The third largest city in Sarawak is Sibu, where we can journey along the Rajang River (longest river in Malaysia) to Kapit, a town located inland along the river. The Rajang river also flows in the general direction towards the largest dam in Malaysia, the Bakun Dam which is located on the Balui River (a tributary of the Rajang River). Here we now have two smaller rivers or tributaries merging with the Rajang River in Kapit, then continuing downstream towards the river’s estuary, where it meets the South China Sea. This is where the fresh water from the river mixes with the saltwater of the sea.
Plate 3: Rajang river basin
Unearthing Borneo’s Past: The Rajang River and Fossil Discoveries
The Rajang River’s characteristics stand out in contrast to typical slow-flowing and meandering rivers in Malaysia, where it is a straight course and fast flowing. This might be because it originates in or flows through areas with steeper terrain, where the river descends more rapidly. As it approaches Sibu, the river transforms into smaller channels, creating a delta structure. This delta is the product of sediment deposits and the river’s interactions with the sea. It provides a favourable environment for a notable population of large crocodiles, making Sibu their known habitat.

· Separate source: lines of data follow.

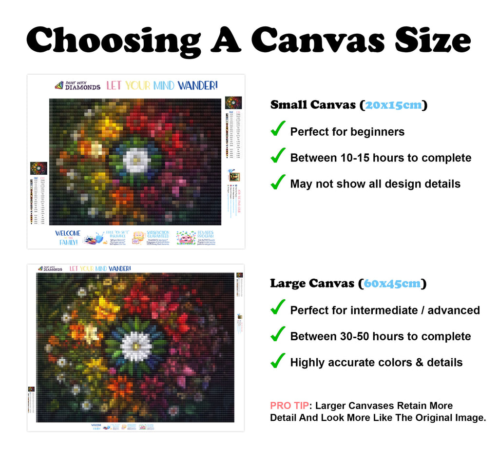 Premium Quality Diamond Painting Kit: Includes a velvety-soft adhesive canvas, eco-friendly shimmering resin diamonds, and a premium toolkit - everything you ned to get started on your next masterpiece.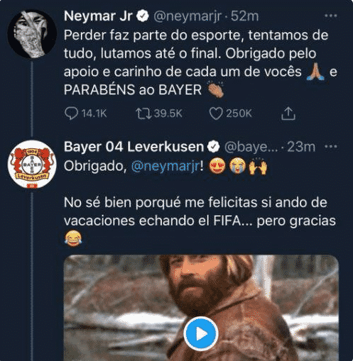 Ωστόσο, αντ’ αυτού, πραγματοποίησε μια γκάφα, στην οποία η “εργοστασιακή ομάδα” απάντησε, λέγοντας: «Σε ευχαριστούμε Νεϊμάρ. Δεν ξέρουμε γιατί μας δίνεις συγχαρητήρια, ενώ είμαστε σε διακοπές και παίζουμε FIFA, αλλά και πάλι σε ευχαριστούμε»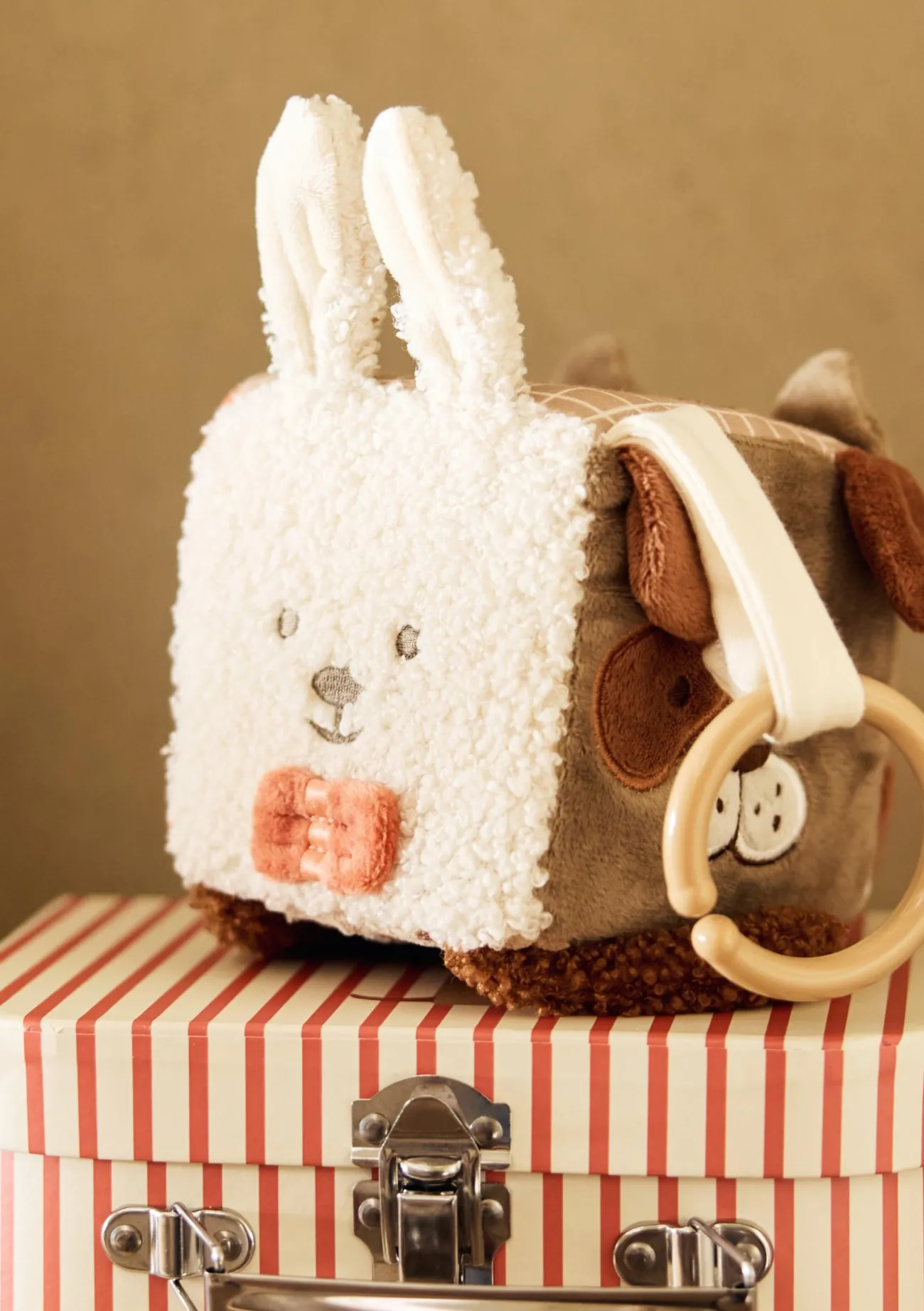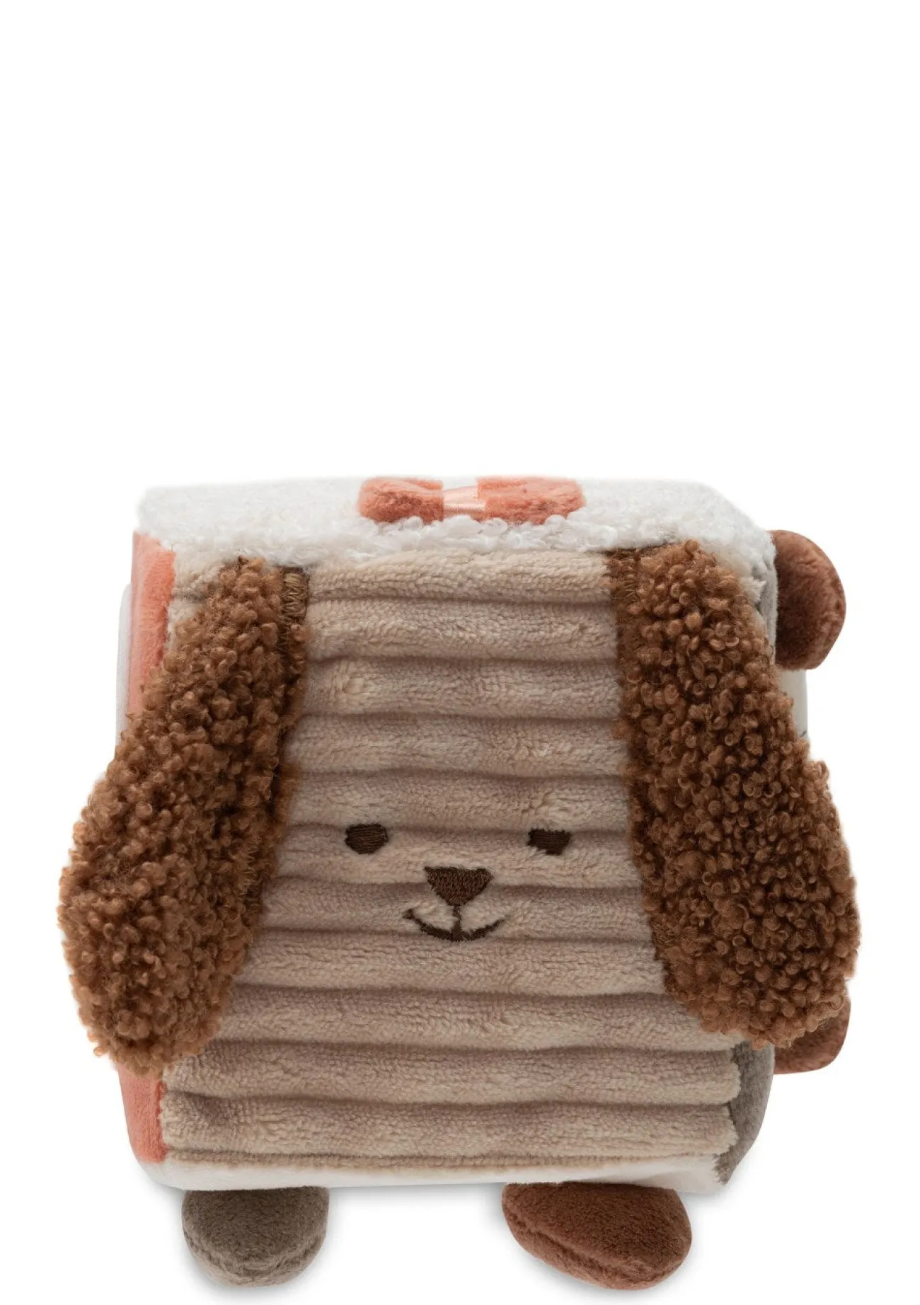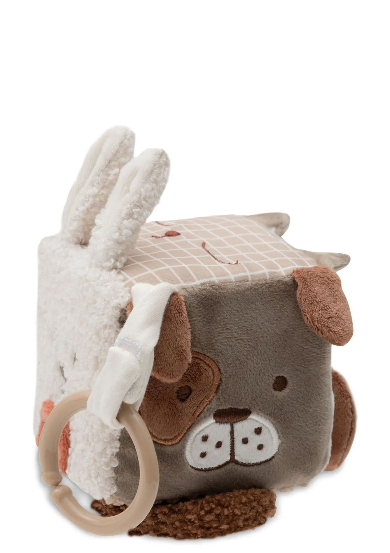Versteckte Knisterelemente, ein kleiner Spiegel, Schlaufen zum Greifen und süße Tierfreunde machen den Würfel zu einem abwechslungsreichen Spielzeug, das Babys Neugier weckt und lange begeistert – ob zuhause, unterwegs oder als liebevolle Geschenkidee zur Geburt.

Here at this delta, many fossil remains have been discovered such as spines, fins or ribs of fish. Fossils are often found in black or brown hues, indicating they have undergone the fossilisation process including phosphatisation.
Island Endemism: The Case of the Bornean Banteng
Fascinating fossil discoveries in Sabah include the premolars of the Banteng or Tembadau in Malay (species: bos javanicus), a wild cow species, which we understand has been here before humans and during Sundaic time as well. Bornean bantengs are smaller due to a phenomenon called “insular dwarfism” or “miniaturisation.”, where island-dwelling mammals tend to evolve smaller body sizes over time (same applies for African elephants and Asian elephants). This phenomenon is a remarkable example of how isolated island environments can influence the evolution of species, leading to unique adaptations and characteristics. The Banteng is facing a gradual decline in Sarawak and is on the brink of extinction in Malaysia. Currently, Cambodia hosts the largest population, followed by Australia. It’s important to note that these populations in Cambodia and Australia are not native but were introduced by humans.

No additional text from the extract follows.